Background: Cyclosporine exposure, as estimated by the area under the curve (AUC), predicts outcomes in renal transplantation. Cyclosporine concentration at two h post-dose (C2) has been shown to be the most reliable, single-point surrogate marker for AUC. The objective of this study was to measure renal function beyond month 2 post-transplant using two different C2 maintenance targets in combination with enteric-coated mycophenolate sodium (EC-MPS), corticosteroids, and basiliximab induction.
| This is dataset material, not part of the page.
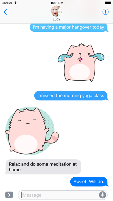 Express yourself with Pink Cat Pinku, kawaii neko stickers. With these epic cute animated emoticons you can decorate your photos and send super sweet messages to your friends. Pink Cat Pinku is a fun iMessage sticker pack with 41 different expressions. (4 animated) It looks like a cotton candy with its peachy pastel pink color body and the mint green, hot pink, polka dotty items. Use this happy cartoon character smileys with hearts and kawaii anime-like body gestures in your daily conversations. This cute cat will make your day with its lovely attitude. You can express your strong feelings such as happiness, in love, cuddly, sleepy, tired, fancy, hangover, angry, relieved, excited, surprised, bored, content, shy, winking, careful, naughty, joyful, evil grin, impatient.. With Pink Cat Pinku Stickers Pack on iMessage, you can: EXPRESS yourself with these super cute stickers in your iMessage chats SEND cute stickers to your friends CUSTOMIZE and DECORATE your photos with kawaii stickers PLACE stickers anywhere on your iMessages and photos Tips for installing and using Sticker Packs: * To install sticker packs, go to your iMessages, tap the icon next to the compose field and go to the sticker store. * To use a sticker, just tap on the sticker you want and send it. You can also touch and hold a sticker to place it on another sticker or photo. The person you are chatting can also add a sticker on top of these photos and stickers. It is super fun! Specially hand selected for kawaii neko cute cat fans, by the makers of Chibi Me app! (Super cute avatar creator downloaded over 2 million times with more than thousands of 5 star reviews)

Methods: In this open-label, multicenter trial, renal transplant recipients entered one of two randomized groups at day 61 post-transplant: group A (higher-C2 range) or group B (lower-C2 range). Results: Patients (164) were recruited, and 141 patients were entered the randomized groups (group A, n = 66; group B, n = 75). At 12 months, the mean calculated creatinine clearance was significantly greater in group B than in group A (79.2 vs. 71.0 mL/min, p < 0.05). Biopsy-proven acute rejection occurred in 14.7% patients in group B and in 24.2% patients in group A (n.s.). During the 12-month trial, 17.7% patients discontinued EC-MPS because of adverse events. Group B (44.0%) had fewer serious adverse events when compared with group A (62.1%; p = 0.04). Overall patient and graft survival were 99.4% and 95.7% respectively. Among 99 high-risk patients (i.e., African-American race, previous transplant, PRA >35% or >4 HLA mismatches), mean creatinine clearance at 12 months was 65.6 mL/min and biopsy-proven rejection occurred in 20.2% patients. Conclusions: Low cyclosporine C2 levels are associated with improved renal function compared with higher C2 levels when used in conjunction with EC-MPS, steroids and basiliximab induction. EC-MPS with low cyclosporine C2 levels, corticosteroids and basiliximab provides excellent renal function with good efficacy even in high-risk patients.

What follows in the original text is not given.